## EXERCISE REQUIREMENTS
In full and word for word, copy the listing; no pictures belong in the copy.

## INFORMATION PROVIDED
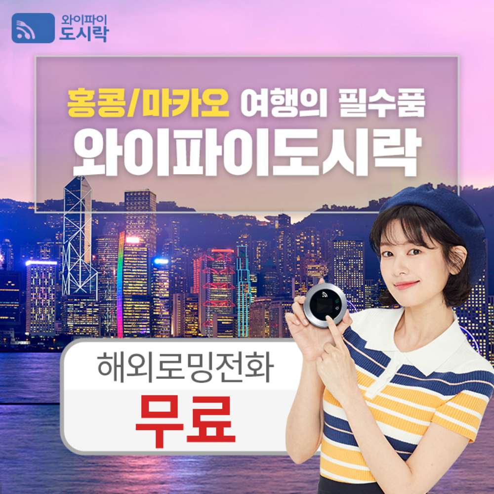 [홍콩/마카오] 홍콩 마카오(일1.5GB)포켓와이파이 와이파이도시락 4GLTE 해외로밍전화 무료
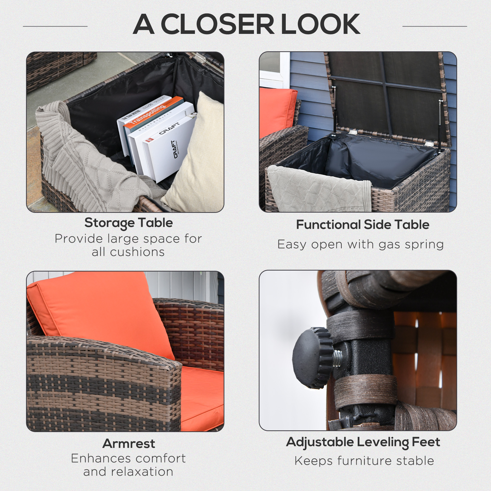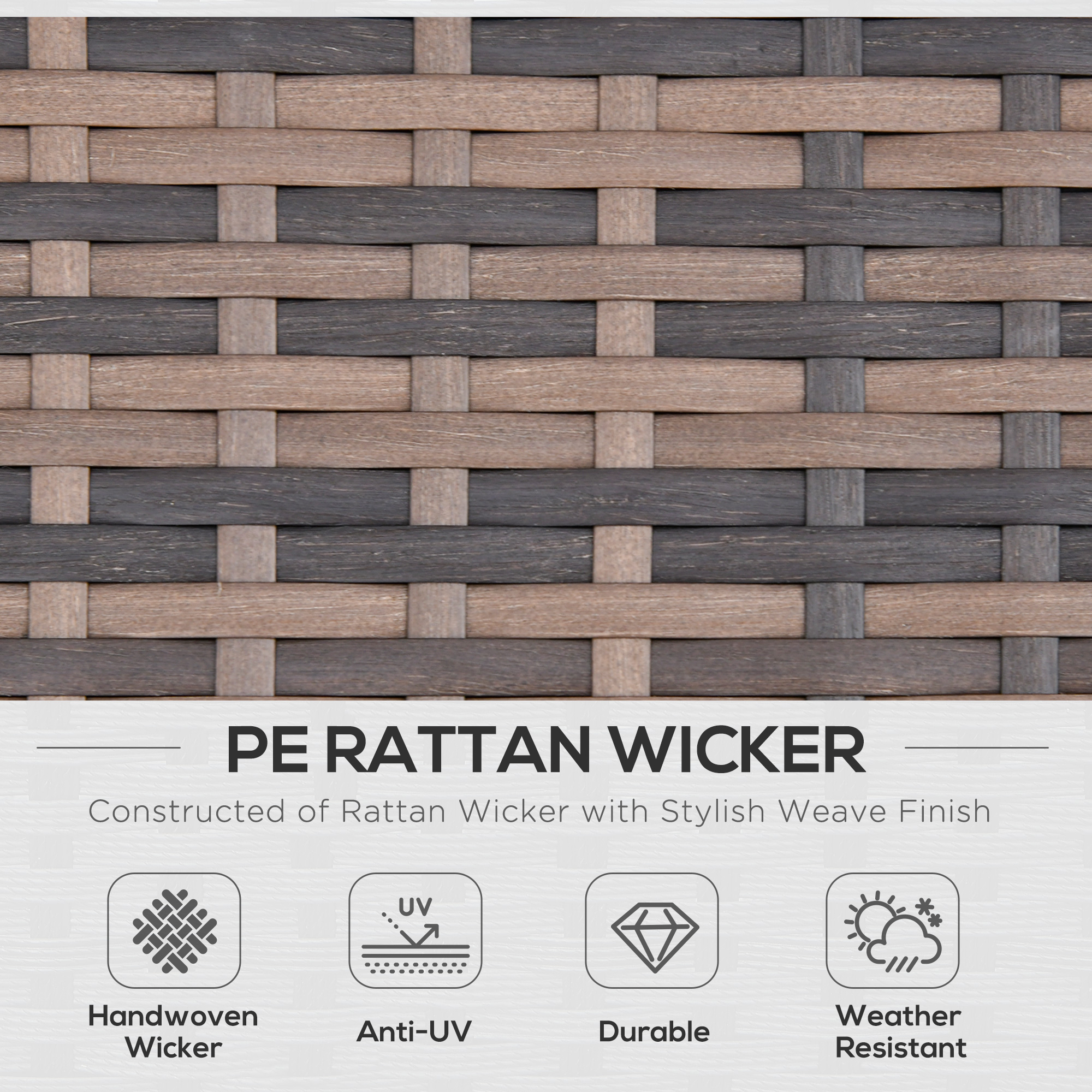- Material: PE Rattan, Steel, Polyester
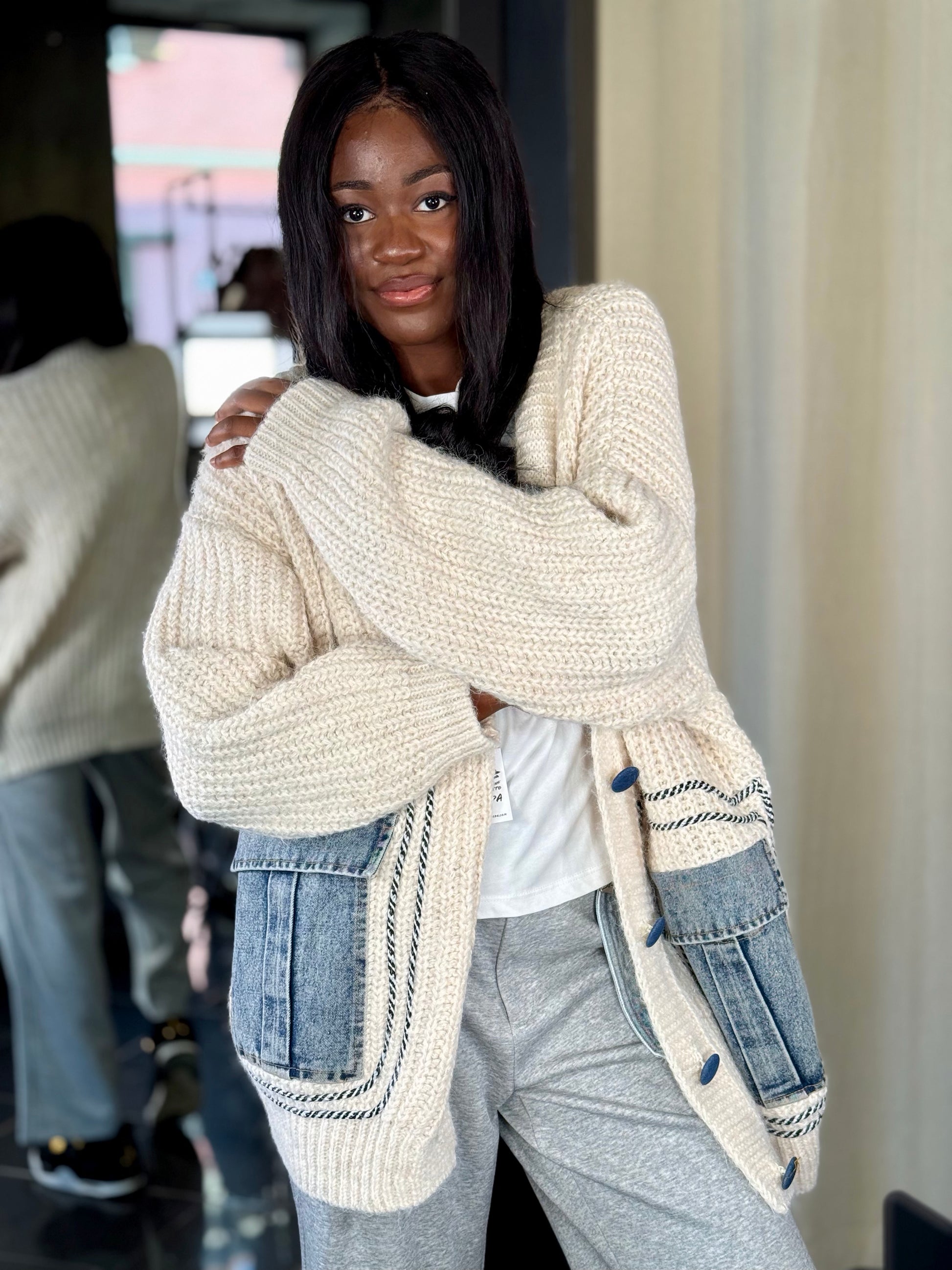 Maxi cardigan oversize panna con tasche in denim in taglia unica 2224

## ANSWER
 [홍콩/마카오] 홍콩 마카오(일1.5GB)포켓와이파이 와이파이도시락 4GLTE 해외로밍전화 무료
- Material: PE Rattan, Steel, Polyester
 Maxi cardigan oversize panna con tasche in denim in taglia unica 2224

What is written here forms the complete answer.